WORK ITEM → Using the entries below, write out the line with "Vintage Leather Men's", the line with "Regueiro-Ren et al.", and every line in between, exactly as each is written.

DATA FOR REVIEW →
******

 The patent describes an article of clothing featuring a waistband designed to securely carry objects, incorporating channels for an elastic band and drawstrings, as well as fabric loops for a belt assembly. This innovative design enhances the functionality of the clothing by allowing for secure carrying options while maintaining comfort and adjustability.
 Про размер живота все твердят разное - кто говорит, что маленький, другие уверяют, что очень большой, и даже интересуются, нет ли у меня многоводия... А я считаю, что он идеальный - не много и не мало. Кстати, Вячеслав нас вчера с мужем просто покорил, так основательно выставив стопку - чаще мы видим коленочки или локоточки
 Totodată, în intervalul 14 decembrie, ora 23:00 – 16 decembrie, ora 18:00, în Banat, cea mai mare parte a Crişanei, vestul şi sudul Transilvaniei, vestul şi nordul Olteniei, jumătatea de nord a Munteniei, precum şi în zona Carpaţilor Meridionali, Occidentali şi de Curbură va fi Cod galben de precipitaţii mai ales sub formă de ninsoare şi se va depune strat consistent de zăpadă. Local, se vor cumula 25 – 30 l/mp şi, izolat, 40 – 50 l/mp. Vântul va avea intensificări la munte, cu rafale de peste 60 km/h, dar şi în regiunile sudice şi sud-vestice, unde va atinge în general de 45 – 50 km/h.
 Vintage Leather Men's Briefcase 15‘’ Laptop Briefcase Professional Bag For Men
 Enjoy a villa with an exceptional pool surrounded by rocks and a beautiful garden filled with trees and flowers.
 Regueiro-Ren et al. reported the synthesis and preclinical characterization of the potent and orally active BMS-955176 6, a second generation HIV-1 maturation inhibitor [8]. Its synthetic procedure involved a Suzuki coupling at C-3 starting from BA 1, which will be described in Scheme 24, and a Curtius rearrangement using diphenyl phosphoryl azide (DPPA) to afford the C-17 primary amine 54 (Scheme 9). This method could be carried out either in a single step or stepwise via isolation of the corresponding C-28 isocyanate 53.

******

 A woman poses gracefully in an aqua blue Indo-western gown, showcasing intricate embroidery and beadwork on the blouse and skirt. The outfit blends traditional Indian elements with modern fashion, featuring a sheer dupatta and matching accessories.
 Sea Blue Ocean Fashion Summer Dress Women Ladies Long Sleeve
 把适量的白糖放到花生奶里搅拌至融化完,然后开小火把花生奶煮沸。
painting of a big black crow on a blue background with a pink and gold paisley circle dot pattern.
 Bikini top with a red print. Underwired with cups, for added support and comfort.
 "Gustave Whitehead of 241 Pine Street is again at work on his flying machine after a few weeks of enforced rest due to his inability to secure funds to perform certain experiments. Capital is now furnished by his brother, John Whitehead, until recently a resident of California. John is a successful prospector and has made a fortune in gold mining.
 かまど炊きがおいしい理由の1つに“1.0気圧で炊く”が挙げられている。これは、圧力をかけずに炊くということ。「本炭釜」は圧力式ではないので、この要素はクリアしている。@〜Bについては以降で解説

******

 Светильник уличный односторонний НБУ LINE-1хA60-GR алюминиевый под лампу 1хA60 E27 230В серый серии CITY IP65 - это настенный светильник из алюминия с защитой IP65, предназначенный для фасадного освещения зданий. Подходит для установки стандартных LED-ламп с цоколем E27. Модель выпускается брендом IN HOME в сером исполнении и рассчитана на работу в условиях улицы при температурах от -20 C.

******

SOLUTION BELOW →
 Vintage Leather Men's Briefcase 15‘’ Laptop Briefcase Professional Bag For Men
 Enjoy a villa with an exceptional pool surrounded by rocks and a beautiful garden filled with trees and flowers.
 Regueiro-Ren et al. reported the synthesis and preclinical characterization of the potent and orally active BMS-955176 6, a second generation HIV-1 maturation inhibitor [8]. Its synthetic procedure involved a Suzuki coupling at C-3 starting from BA 1, which will be described in Scheme 24, and a Curtius rearrangement using diphenyl phosphoryl azide (DPPA) to afford the C-17 primary amine 54 (Scheme 9). This method could be carried out either in a single step or stepwise via isolation of the corresponding C-28 isocyanate 53.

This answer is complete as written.